How can the biggest problem in Kenya be land when the majority of the population is not free to own it?

Giving the patriarchy the shaft

At the same time, statistics on domestic violence in Kenya are telling. In a 2014 demographic and health survey, 23.8% of women between the ages of 15 and 19 reported having suffered physical or sexual violence at the hands of a partner. This number rises to a startling 42.6% for women between 40 and 49. Moreover, these numbers hold pretty much steady across all kinds of other factors - across ethnic groups, wealth disparities, urban vs. rural.

In fact, domestic violence is arguably the only truly national issue in Kenya that cuts across all other divides. But because it is a problem that primarily affects women, not only is it not on the national political agenda but even political analysts don't give it the attention it deserves.

It is not enough to just observe that Kenya's politics is elitist. We must also contend with the fact that it is overwhelmingly patriarchal. All of Kenya's largest ethnic groups are crippled by toxic, violent masculinities that poison the national dialogue and crowd out constructive discourse on anything else.

Speak to Kenyan women in the public sphere and they will tell you that it is Kikuyu men that express the most toxic attitudes towards the candidacy of Martha Karua or Wangari Maathai. That it is Somali men who pressure Somali women not to run in favour of other men in the clan. And that it is Kamba, Luhya, Luo or Kalenjin men who beat their sisters and daughters who offer to run for office.

What are presented as the main problems of Kenya are really just contestation between groups of elite men measuring in the public sphere what should really be left to the country club dressing room.

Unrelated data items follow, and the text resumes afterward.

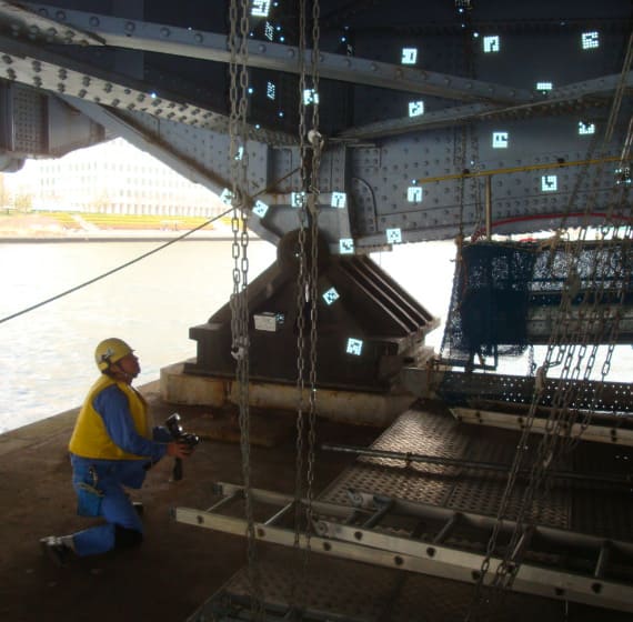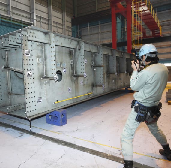 市販のデジタルカメラを用いて、計測対象に設置したターゲットを基に部材形状を3次元で高精度に計測できる技術です。ターゲットの設置とデジタルカメラでの撮影が可能であれば計測可能な技術であり、屋内・屋外問わず計測できます。工場での製作出来形確認や、補修工事での既設構造物の形状把握などで活用しています。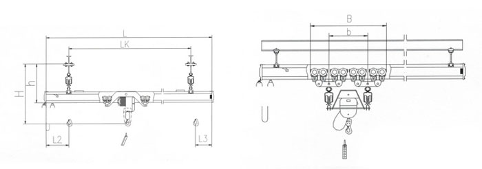 | 起重量(kg) 尺寸(mm) | L | LK | L2 | L3 | H | h | B | b | |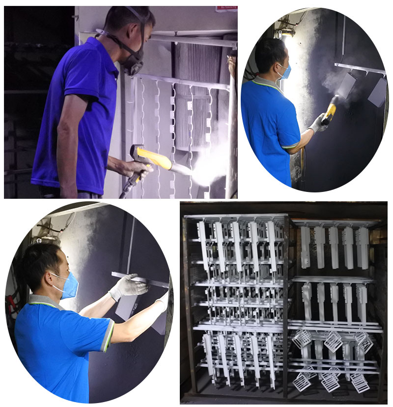 2、用靜電粉末噴涂機對產(chǎn)品進行粉末噴涂,在高壓靜電環(huán)境下,粉末帶負(fù)極性,粉末通過靜電噴涂槍,形成帶電粒子吸附在產(chǎn)品上。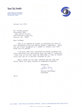 A letter from Shirley Skellenger, then president of the Seattle Women's commission expressing regret on receiving news of Yolanda's resignation due to ill health |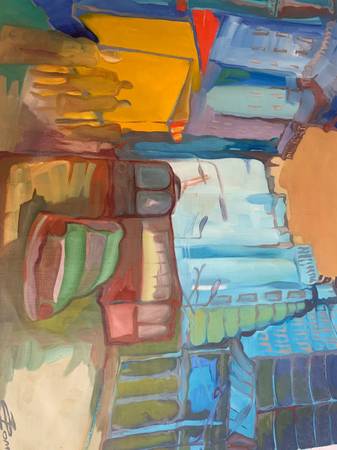 Beautiful oil-on-canvas painting by Belorussian artist Igor Fomin who currently resides and creates in Spain. His style was inspired by the vibrant Spanish colors and by the works of Picasso. This is his earlier work made in 1990 in Minsk, Belarus. It was purchased by a relative of ours. The painting is unframed and measures 35.5” by 27”. Great condition.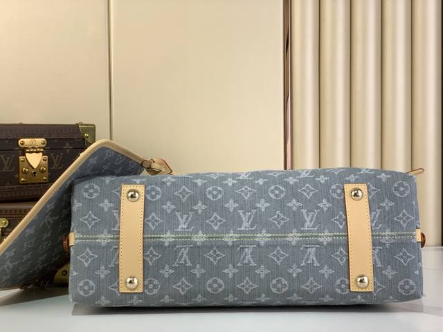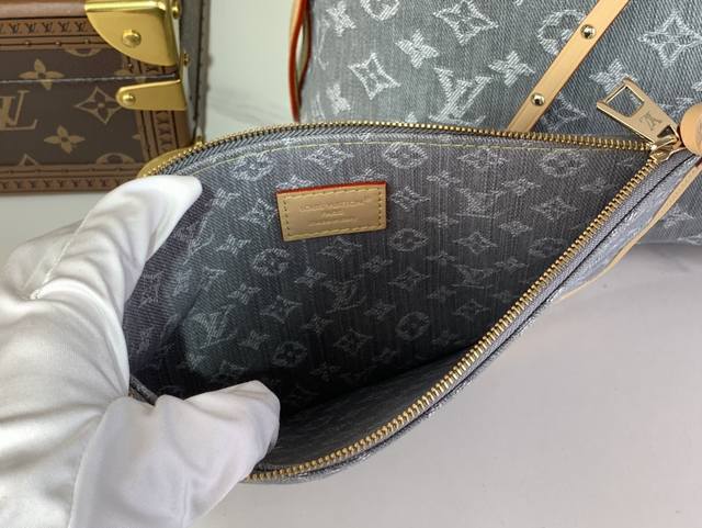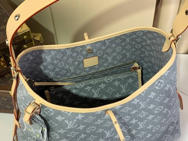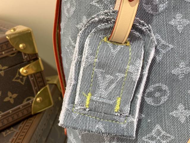 本款 Carryall 中号手袋令诞生于 2005 年的 Monogram Denim 图案栖身棉布表面 再以路易威登精湛漂白工艺营造水洗效果 撞色皮革和可拆卸名牌烘托利落构型 拉链内袋可稳妥收纳贵重物品 成就畅行都市的摩登之选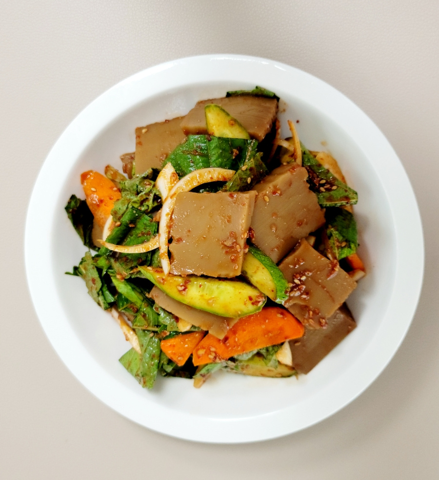 쫄깃한 도토리묵과 아삭한 채소가 어우러진 맛있는 도토리묵 무침이 완성되었습니다! 보기에도 좋고 맛도 좋은 최고의 반찬, 맛있게 즐기세요.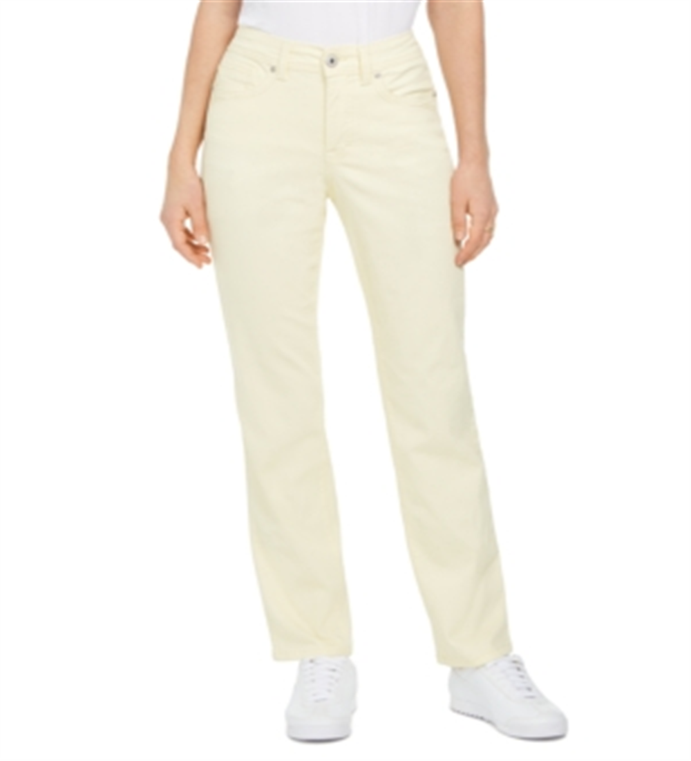 Jeans feminino estilo & co com controle de barriga e perna reta, amarelo, tamanho 14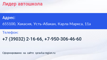 Лидер, автошкола по адресу 655100, Хакасия, Усть-Абакан, Карла Маркса, 11а в дальнейшем Организация, размещена в следующих категориях: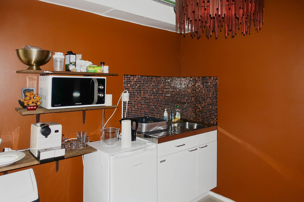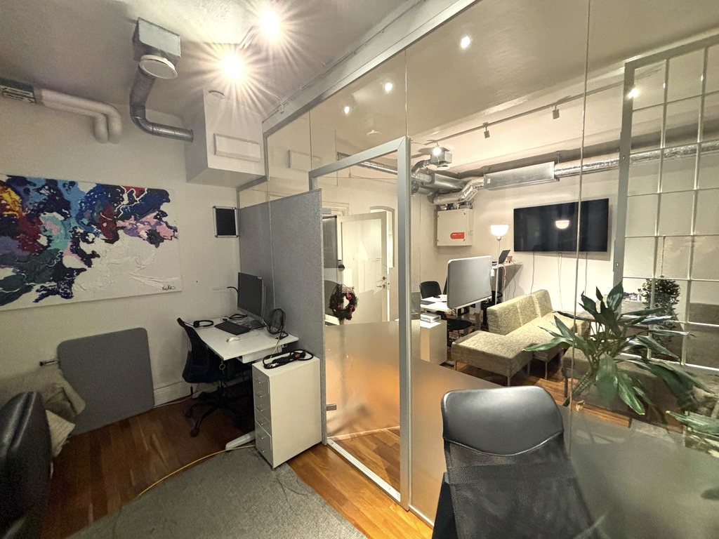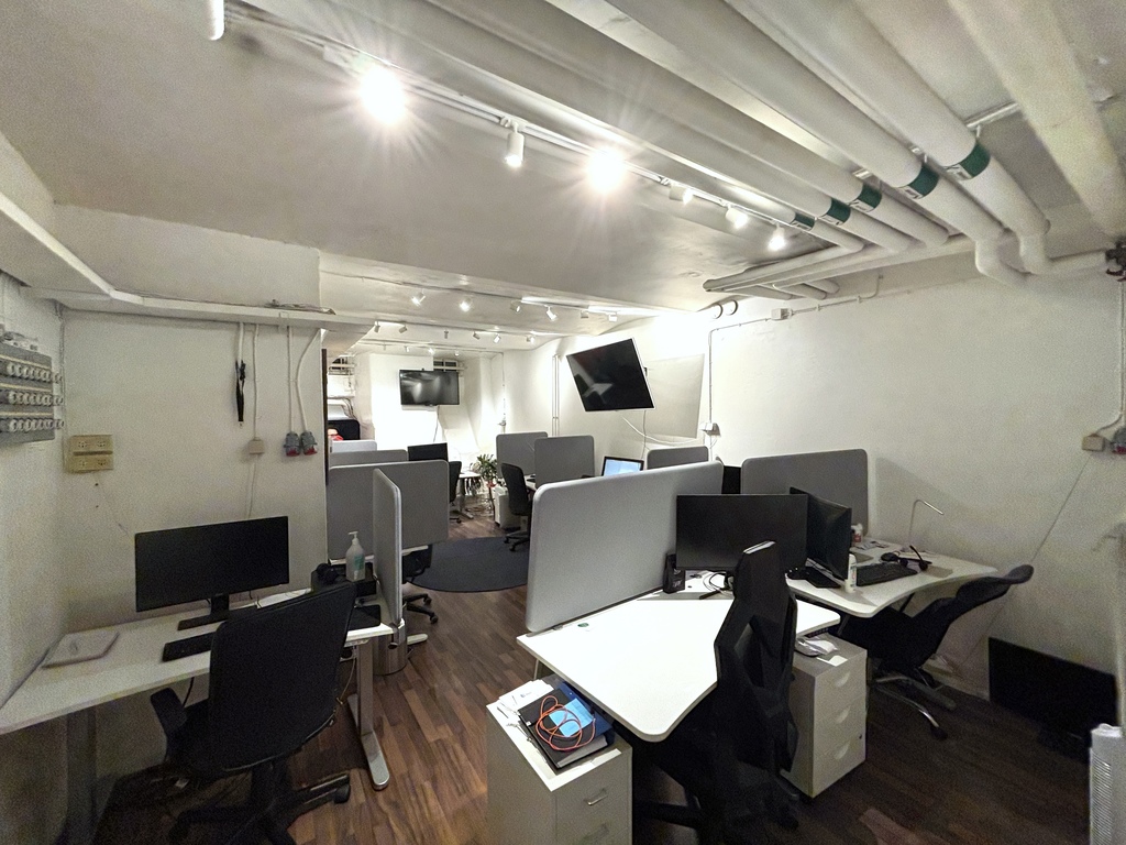 Vid ingången finns ett kontorsrum samt plats för en lounge. Innanför ligger ett större kontorsrum som även fungerar som konferensrum. Lokalen har ytterligare ett kontorsrum, pentry och förråd.
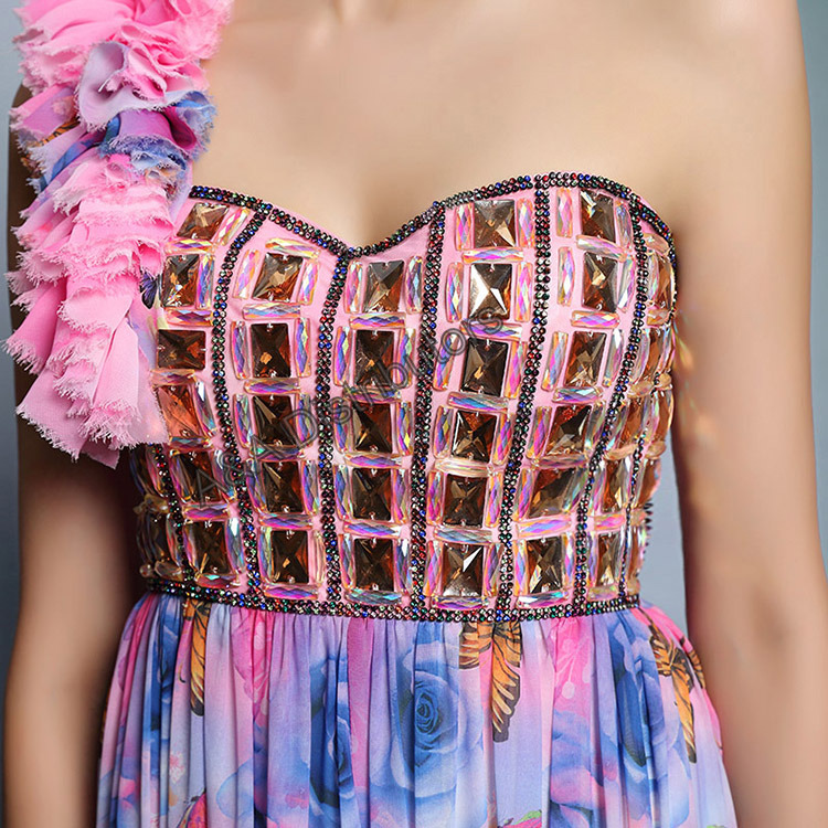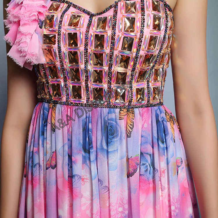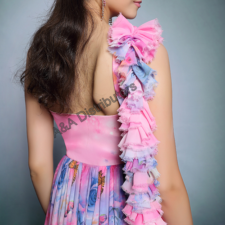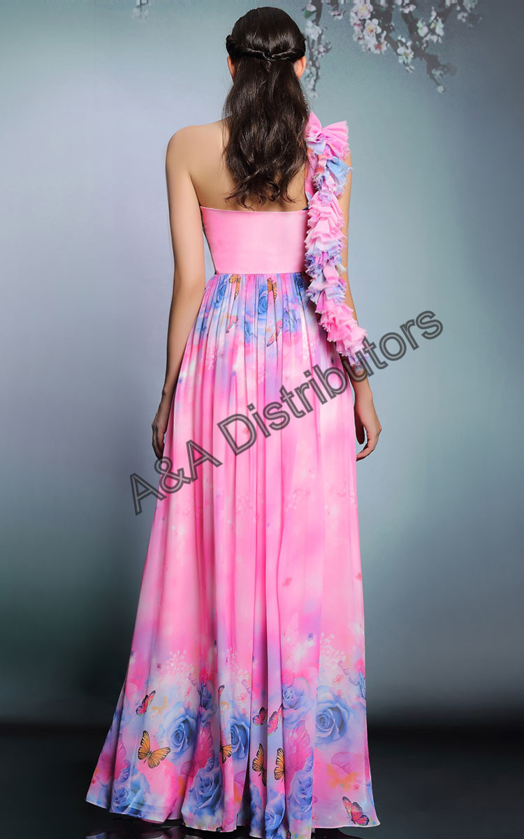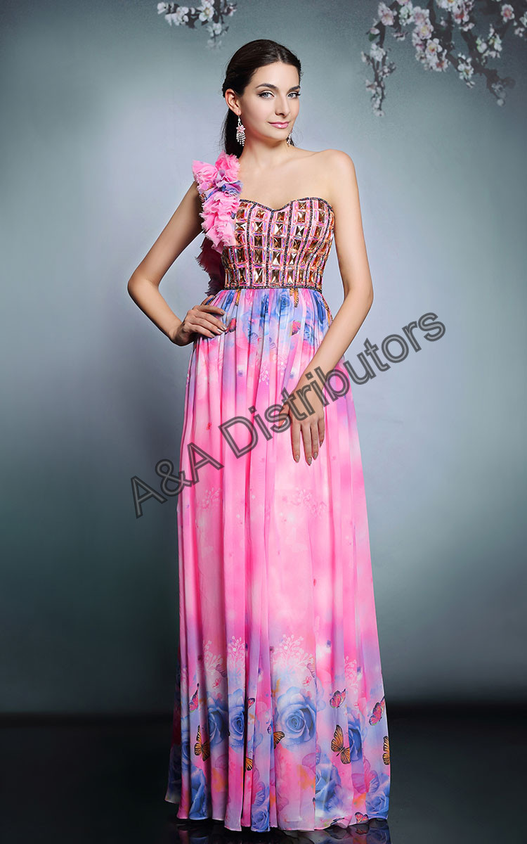 Pink printed long elegant evening dress |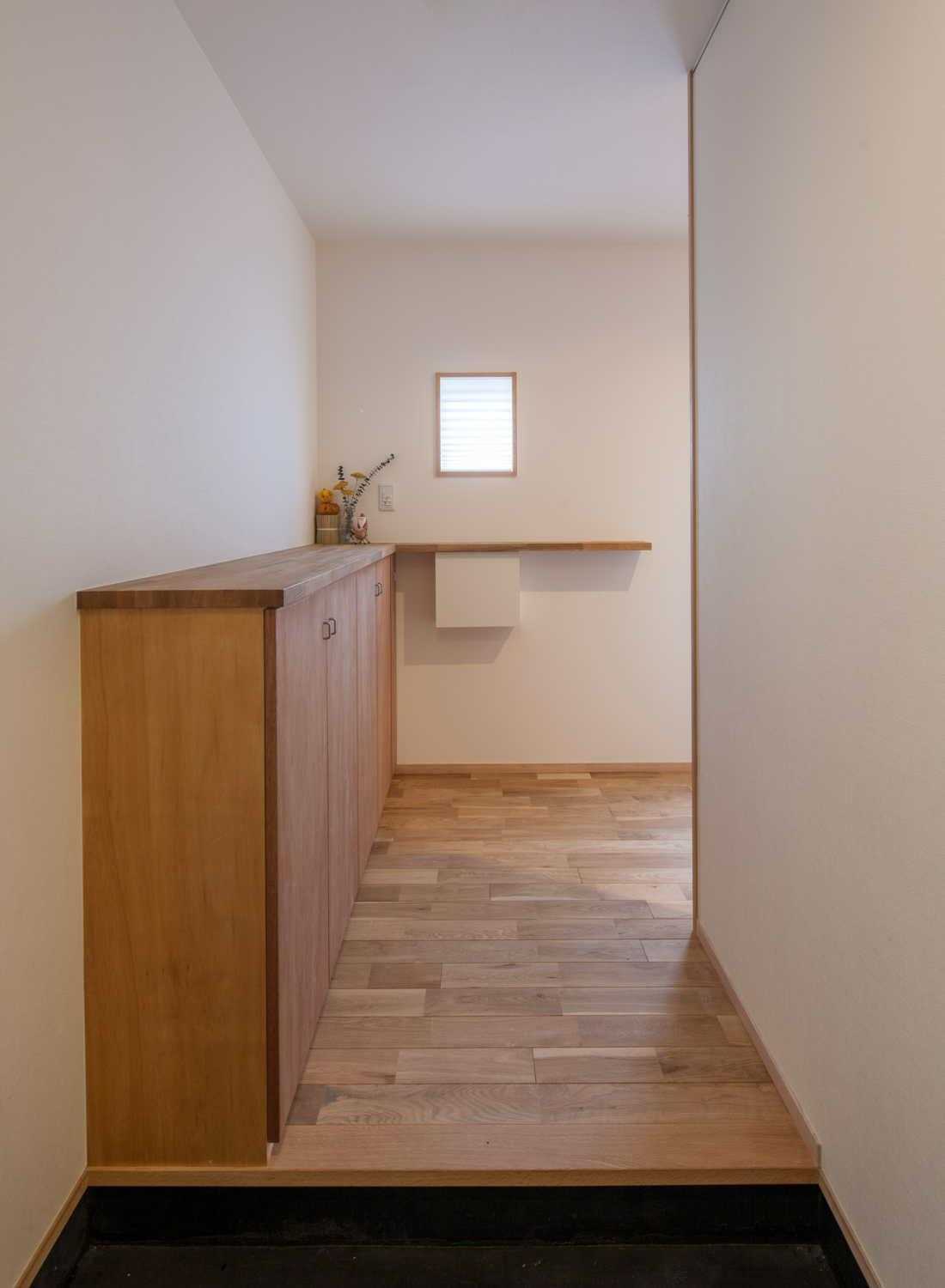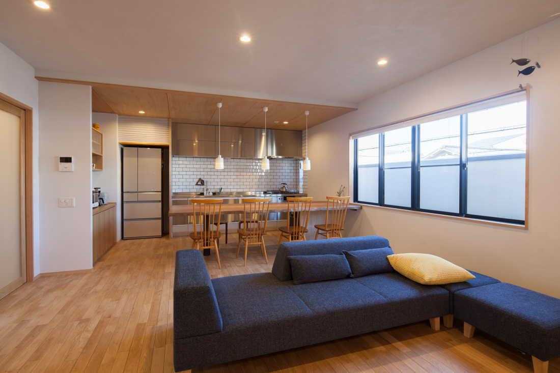 オープンなキッチンと直結したカウンタータイプの大きな無垢材のダイニングテーブルがあり、
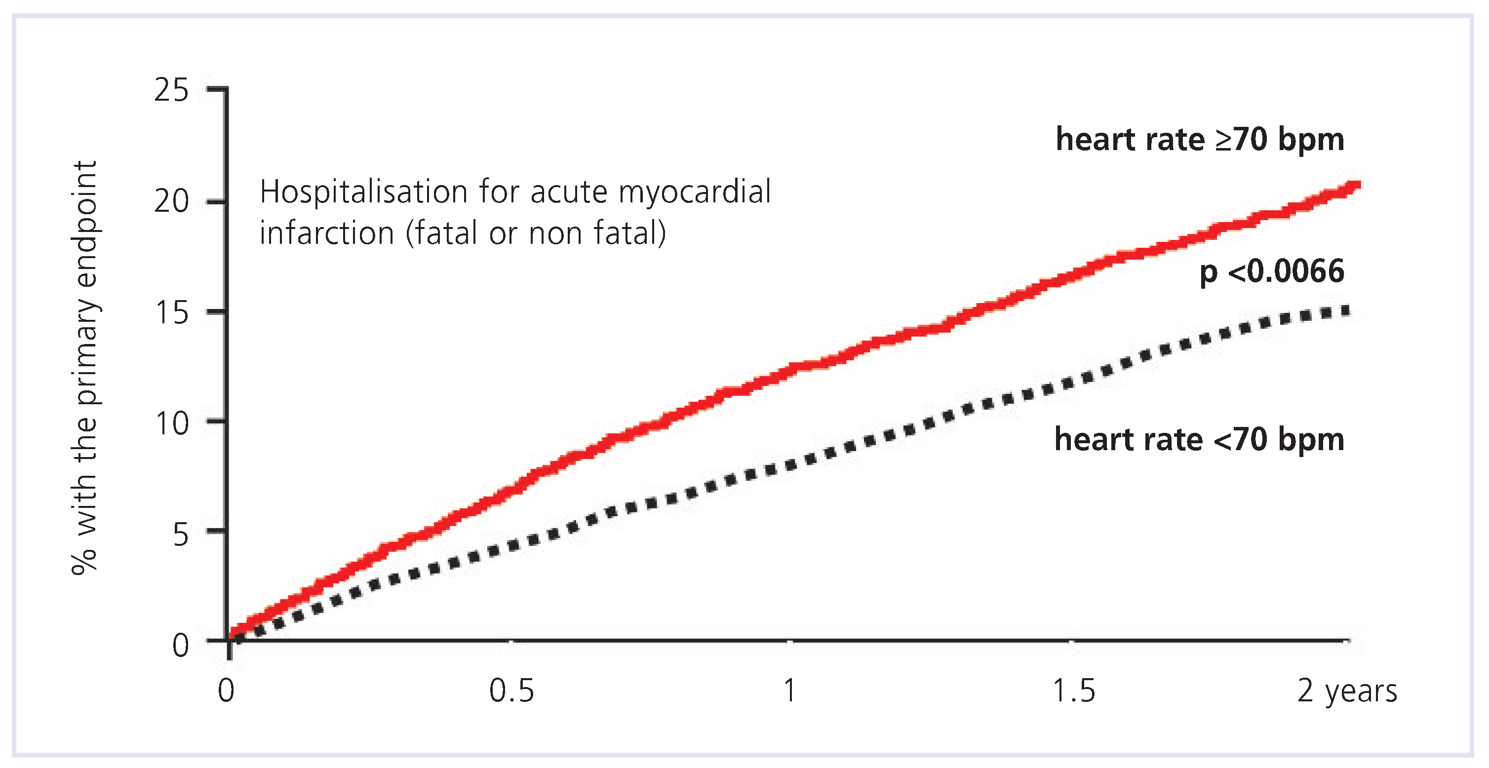 Par ailleurs, cette étude a également confirmé le rôle pronostique de la fréquence cardiaque en comparant, chez les patients recevant un placebo, ceux ayant une fréquence cardiaque ≥70 bpm, à ceux ayant une fréquence inférieure à 70 bpm (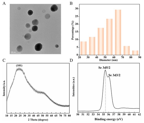 Characterization of synthesized and Se NMs. (A) TEM image; (B) size distribution of Se NMs; (C) XRD pattern; (D) XPS diagram of Se NMs.

Men are the biggest obstacles to the political advancement of women in their own communities, but women can be part of the problem too. When a woman criticises the private morality of a female political figure, she is upholding a patriarchal system that subjects women in public to higher moral standards than men. When we propagate mimi ni ndume politics by refusing to acknowledge or celebrate the contributions of women in politics, we are reifying the argument that women are "flower girls" who do no substantive work. When we encourage women politicians to kowtow to big men instead of building alternative centres of power, we reinforce the system. When we uncritically accept men as "natural leaders" without interrogating their motives or intentions, we bolster the patriarchy.

To avoid the seemingly inevitable descent into perdition in the coming 2017 election, Kenya needs a new politics - right down to the ways in which we think about who is fighting whom, and for what. It is high time we axe Kenya's big dick politics. Or, in the words of Chimamanda Ngozi Adichie, in order to save Kenya, we should all - men and women - be feminists.